Given material:

╭──

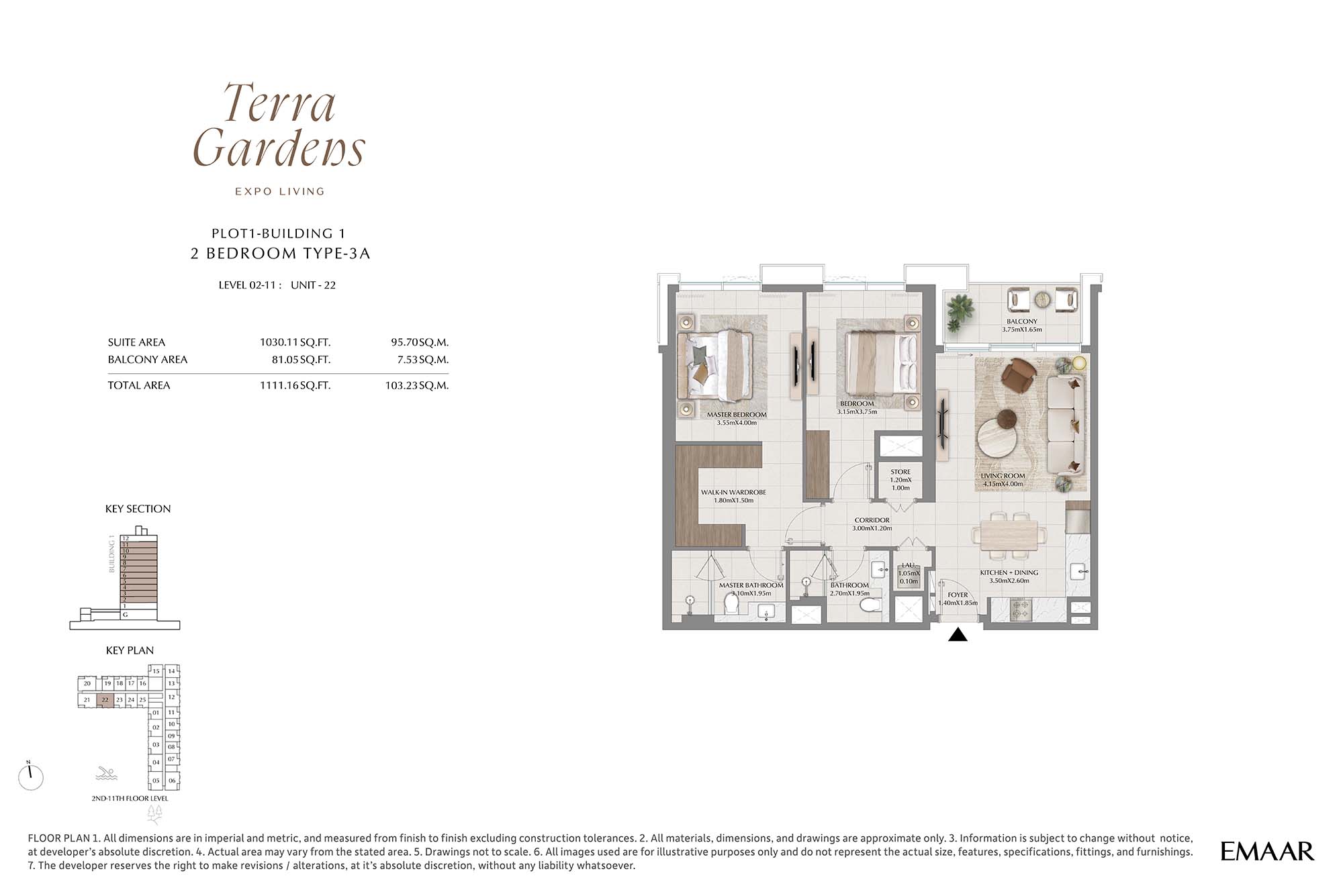 | Buildings 1 | 2 Bedrooms | 2nd-11th Level Unit-22 (Type-3A) | 1111.16 Sq Ft | Apartments |
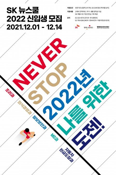 [서울=뉴시스] 이인준 기자 = 행복나눔재단, 행복에프엔씨재단, SK가 운영하는 청년 인재 양성 사회공헌 사업인 'SK 뉴스쿨'이 내달 1일부터 2주간 '2022년도 신입생'을 모집한다고 16일 밝혔다.
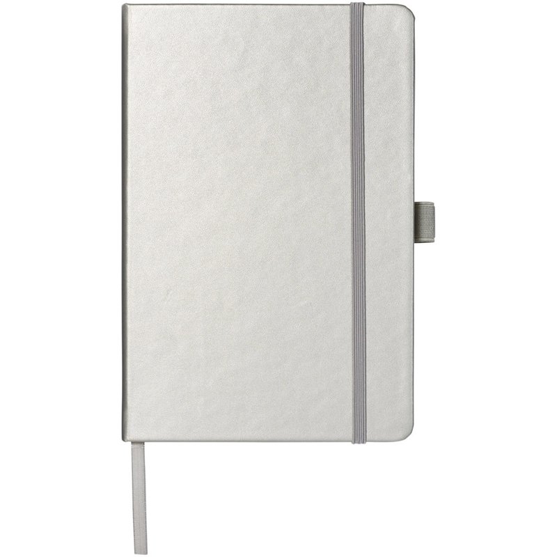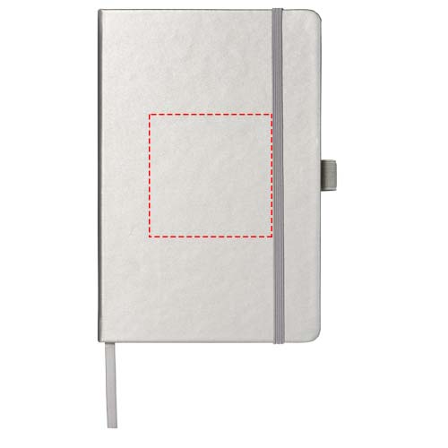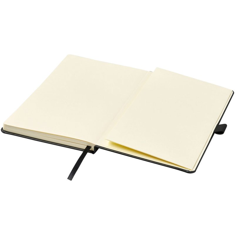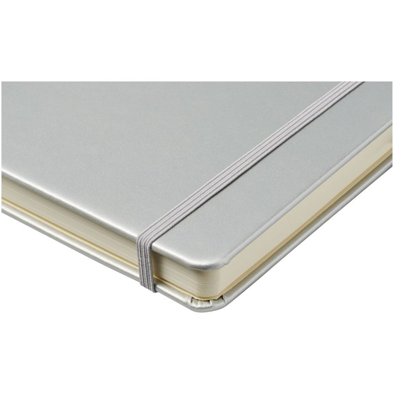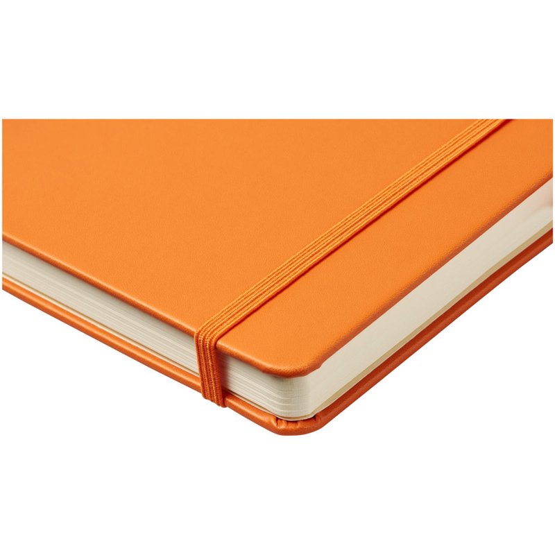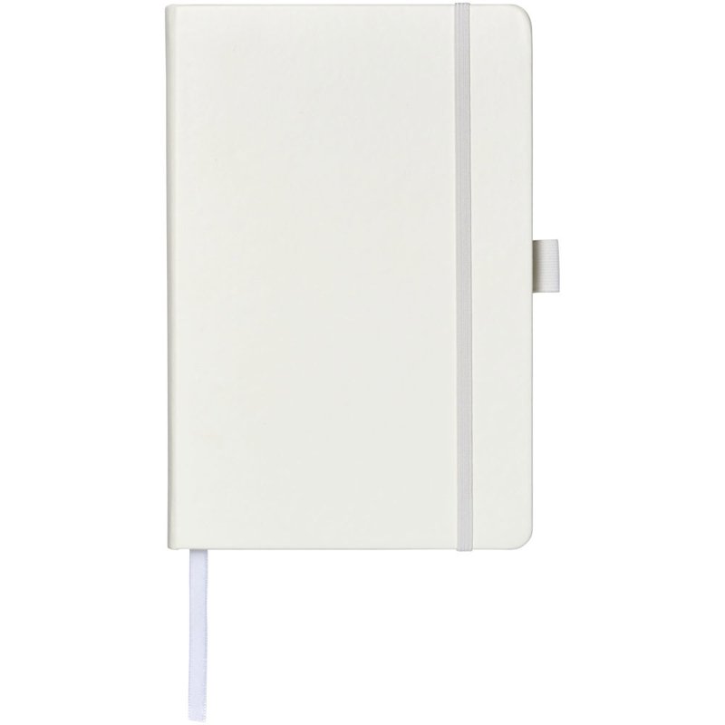 Kunstleren A5 (14,2 cm x 21,4 cm) notitieboek (karton bekleed met leerpapier) met elastische band, leeslint, pennenlus en accordeon-achterzak. Inclusief 96 vellen gelinieerd crèmepapier in 80 g/m2 en wordt aangeboden in een Journalbook witte hoes.

╰──

Work task: Every line above is to be returned exactly, with its pictures removed.

Answer to the problem:
 | Buildings 1 | 2 Bedrooms | 2nd-11th Level Unit-22 (Type-3A) | 1111.16 Sq Ft | Apartments |
 [서울=뉴시스] 이인준 기자 = 행복나눔재단, 행복에프엔씨재단, SK가 운영하는 청년 인재 양성 사회공헌 사업인 'SK 뉴스쿨'이 내달 1일부터 2주간 '2022년도 신입생'을 모집한다고 16일 밝혔다.
 Kunstleren A5 (14,2 cm x 21,4 cm) notitieboek (karton bekleed met leerpapier) met elastische band, leeslint, pennenlus en accordeon-achterzak. Inclusief 96 vellen gelinieerd crèmepapier in 80 g/m2 en wordt aangeboden in een Journalbook witte hoes.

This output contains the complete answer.